Once you developed a solid understanding of your firm’s diversity, it’s time to establish benchmarks using external talent market data. The significance of this effort is to help your requiting/ talent acquisition/ sourcing teams to get a pulse on the available talent. It will help the HR function to build a diverse candidate slate and present it to the hiring managers. For instance, the below chart shows the Female applicants who applied to the open requisitions vs. the talent available in the external market. The information is broken down by the job function.
The hardest part of this exercise is to align the companies job roles/ profiles with the external market. Most of the time, it is impossible to get complete alignment; it is essential to understand that the purpose of creating benchmarks is to get a directional understanding of the external talent market.
Measure the Impact of Diversity Initiatives
Ultimately, companies should integrate the requisition and external benchmark diversity data to measure how well they track their set D&I goals.
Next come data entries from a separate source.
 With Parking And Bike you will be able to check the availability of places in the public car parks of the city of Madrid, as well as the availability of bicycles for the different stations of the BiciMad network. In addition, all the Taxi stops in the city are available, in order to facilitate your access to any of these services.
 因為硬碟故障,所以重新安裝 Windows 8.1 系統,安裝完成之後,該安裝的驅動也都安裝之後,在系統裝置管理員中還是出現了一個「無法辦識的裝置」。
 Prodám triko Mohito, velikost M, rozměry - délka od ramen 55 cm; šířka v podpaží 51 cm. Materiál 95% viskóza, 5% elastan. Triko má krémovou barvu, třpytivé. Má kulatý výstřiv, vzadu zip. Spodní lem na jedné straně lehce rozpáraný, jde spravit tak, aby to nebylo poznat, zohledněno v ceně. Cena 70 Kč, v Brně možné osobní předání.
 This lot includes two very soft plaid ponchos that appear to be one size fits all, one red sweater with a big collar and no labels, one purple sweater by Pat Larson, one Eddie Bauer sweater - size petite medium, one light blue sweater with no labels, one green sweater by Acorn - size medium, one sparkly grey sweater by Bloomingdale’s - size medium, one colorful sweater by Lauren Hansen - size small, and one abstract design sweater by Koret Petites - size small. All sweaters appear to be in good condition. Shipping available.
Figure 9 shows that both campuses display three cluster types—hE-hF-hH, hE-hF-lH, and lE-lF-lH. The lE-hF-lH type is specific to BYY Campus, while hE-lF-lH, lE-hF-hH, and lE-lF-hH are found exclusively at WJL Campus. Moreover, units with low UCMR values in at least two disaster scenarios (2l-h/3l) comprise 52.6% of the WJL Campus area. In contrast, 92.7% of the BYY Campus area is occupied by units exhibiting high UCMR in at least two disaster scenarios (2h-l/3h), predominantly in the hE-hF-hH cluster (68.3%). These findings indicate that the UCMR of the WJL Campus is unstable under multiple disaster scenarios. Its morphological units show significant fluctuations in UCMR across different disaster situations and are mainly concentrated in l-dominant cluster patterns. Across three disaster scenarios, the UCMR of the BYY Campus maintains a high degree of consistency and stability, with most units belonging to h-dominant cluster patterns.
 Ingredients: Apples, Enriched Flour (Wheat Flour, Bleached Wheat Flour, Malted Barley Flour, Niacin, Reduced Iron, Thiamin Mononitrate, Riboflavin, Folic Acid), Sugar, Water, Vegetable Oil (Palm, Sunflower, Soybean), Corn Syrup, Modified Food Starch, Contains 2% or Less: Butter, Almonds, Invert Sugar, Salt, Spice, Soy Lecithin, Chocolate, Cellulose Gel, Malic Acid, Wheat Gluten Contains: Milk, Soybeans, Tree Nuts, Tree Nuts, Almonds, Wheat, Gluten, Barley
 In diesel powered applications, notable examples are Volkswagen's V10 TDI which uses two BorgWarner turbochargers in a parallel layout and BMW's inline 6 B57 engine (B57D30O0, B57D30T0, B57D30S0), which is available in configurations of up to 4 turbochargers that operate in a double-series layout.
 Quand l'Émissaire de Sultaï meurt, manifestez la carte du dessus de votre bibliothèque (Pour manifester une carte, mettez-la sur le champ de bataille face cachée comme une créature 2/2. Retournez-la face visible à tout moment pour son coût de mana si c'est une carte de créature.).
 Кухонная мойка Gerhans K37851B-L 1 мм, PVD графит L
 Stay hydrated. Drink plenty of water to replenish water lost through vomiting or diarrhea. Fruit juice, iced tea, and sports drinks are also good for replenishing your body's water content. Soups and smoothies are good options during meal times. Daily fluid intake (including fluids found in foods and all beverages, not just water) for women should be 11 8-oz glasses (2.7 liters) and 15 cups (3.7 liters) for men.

For instance, they can assess the heterogeneity of received job applications and compare them with external talent market data for each job function, location, department, or hiring manager.
In the end, hiring managers should always hire the best and the brightest, but as an HR function, we can be sure that we presented a diverse slate of candidates that are in line with what we see in the external market.
Though it’s possible to analytically measure the impact of your D&I initiatives by recruiter, requisition, manager, etc., it’s essential to realize that improving D&I is a long-term game. Micromanaging D&I initiatives can cause unwanted stress among the recruiters; measuring the progress made on initiatives every quarter probably makes sense.
Diversity is no longer a hot topic or compliance necessity only. It’s crucial for fostering happy workplaces, productive employees, and a healthy bottom line. Because of that, companies should take control over their DI&E initiatives to ensure maximum success across all departments and organizational levels.
Although many business leaders rely on traditional strategies to achieve that, those that want to improve their diversity hiring should leverage external talent market analytics to get authentic insights. With this data, recruiters can customize recruitment and use labor demographics info to gear their strategies towards diverse and qualified job seekers.